OpenAI’s GPT-5.4 Targets Real Work: Build Apps Faster, Automate Tests, and Ship Business-Ready Docs With Agentic AI

6 March, 2026

No Comments

OpenAI has released GPT-5.4, a new flagship model it says is optimized for agentic workflows, combining stronger reasoning and coding with native computer-use capabilities—the ability to operate software via screenshots and mouse/keyboard actions—alongside support for up to 1 million tokens of context for long-horizon tasks.

A model built for “do the work” agents

In its announcement, OpenAI frames GPT-5.4 as its first general-purpose model shipping with state-of-the-art computer use, aimed at developers building agents that can complete real tasks across websites and software systems. The company highlights use cases such as automating workflows across apps, and notes the model can drive computer interactions directly and also write automation code via tools like Playwright.

OpenAI also says GPT-5.4 is more token efficient than GPT-5.2—using fewer tokens to solve problems—positioning it as both faster and cheaper in practice for certain workloads despite higher per-token pricing.

Benchmark claims emphasize professional work, tools, and desktop navigation

OpenAI’s post spotlights gains across a mix of “knowledge work” and agent benchmarks.

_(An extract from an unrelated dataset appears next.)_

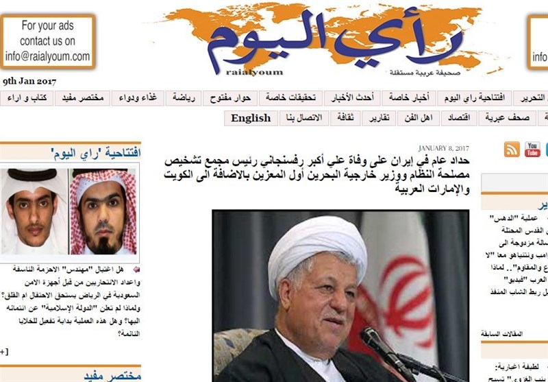 وعنونت صحيفة الرأي اليوم خبرها بعنوان "حداد عام في إيران على وفاة علي أكبر رفسنجاني رئيس مجمع تشخيص مصلحة النظام ووزير خارجية البحرين أول المعزين بالاضافة الى الكويت والإمارات العربية" وأشارت الصحيفة في خبرها هذا الى ابرز من قدم التعازي بوفاة آية الله رفسنجاني وماقاله المسؤولون الايرانيون وبيانات المؤسسات الايرانية حول رحيله ومن ثم تطرقت الى مسيرته السياسية.

It reports 83.0% “wins or ties” on GDPval (a professional work eval spanning 44 occupations), compared with 70.9% for GPT-5.2.

For computer-use tasks, OpenAI reports 75.0% success on OSWorld-Verified, up from 47.3% for GPT-5.2, and notes this exceeds 72.4% human performance in the benchmark notes.

Mercor: “Top of the leaderboard” for professional services agent work

OpenAI’s announcement includes early customer validation from Mercor CEO Brendan Foody:

GPT-5.4 is the best model we’ve ever tried. It’s now top of the leaderboard on our APEX-Agents benchmark, which measures model performance for professional services work. It excels at creating long-horizon deliverables such as slide decks, financial models, and legal analysis, delivering top performance while running faster and at a lower cost than competitive frontier models.

— Brendan Foody, CEO at Mercor

OpenAI also claims improved web-browsing and tool-use performance, including higher results on BrowseComp and Toolathlon, as part of its pitch that GPT-5.4 is better at selecting and operating tools in complex workflows.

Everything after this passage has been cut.